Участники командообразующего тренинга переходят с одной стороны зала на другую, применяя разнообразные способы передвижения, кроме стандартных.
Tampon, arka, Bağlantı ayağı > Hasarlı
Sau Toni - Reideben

--

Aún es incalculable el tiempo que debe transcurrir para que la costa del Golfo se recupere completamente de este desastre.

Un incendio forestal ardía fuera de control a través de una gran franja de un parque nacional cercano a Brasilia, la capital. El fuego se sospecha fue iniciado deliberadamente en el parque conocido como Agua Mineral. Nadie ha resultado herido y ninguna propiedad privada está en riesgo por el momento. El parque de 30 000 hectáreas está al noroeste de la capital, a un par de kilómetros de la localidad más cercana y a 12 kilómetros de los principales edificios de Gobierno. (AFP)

==

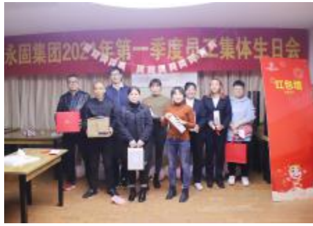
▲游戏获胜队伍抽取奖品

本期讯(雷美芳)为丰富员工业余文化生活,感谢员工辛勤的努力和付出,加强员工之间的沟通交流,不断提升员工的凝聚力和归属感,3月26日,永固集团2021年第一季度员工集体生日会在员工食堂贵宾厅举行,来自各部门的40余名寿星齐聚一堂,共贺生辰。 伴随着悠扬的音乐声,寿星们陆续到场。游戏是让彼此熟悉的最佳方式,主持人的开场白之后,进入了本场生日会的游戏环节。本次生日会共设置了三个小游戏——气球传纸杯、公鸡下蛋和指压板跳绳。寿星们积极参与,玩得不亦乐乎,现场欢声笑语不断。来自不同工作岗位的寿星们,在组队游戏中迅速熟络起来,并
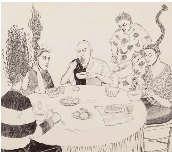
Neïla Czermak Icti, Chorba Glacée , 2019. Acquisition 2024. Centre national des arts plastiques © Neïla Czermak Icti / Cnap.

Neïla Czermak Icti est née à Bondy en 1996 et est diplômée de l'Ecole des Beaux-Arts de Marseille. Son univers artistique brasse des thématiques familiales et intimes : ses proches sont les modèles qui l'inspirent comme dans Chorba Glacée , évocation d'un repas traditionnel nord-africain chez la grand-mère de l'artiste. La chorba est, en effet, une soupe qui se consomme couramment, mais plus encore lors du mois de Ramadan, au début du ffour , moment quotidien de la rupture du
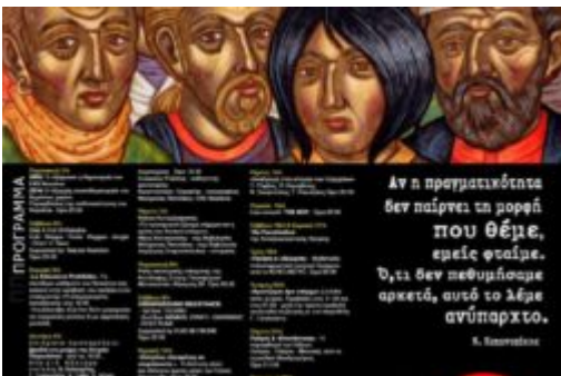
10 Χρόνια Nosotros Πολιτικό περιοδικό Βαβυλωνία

Problem description: Take from the material above the lines running from the one with "Tampon, arka, Bağlantı ayağı > Hasarlı" through the one with "Sau Toni - Reideben", and repeat them exactly, with nothing else.

Answer space:
Tampon, arka, Bağlantı ayağı > Hasarlı
Sau Toni - Reideben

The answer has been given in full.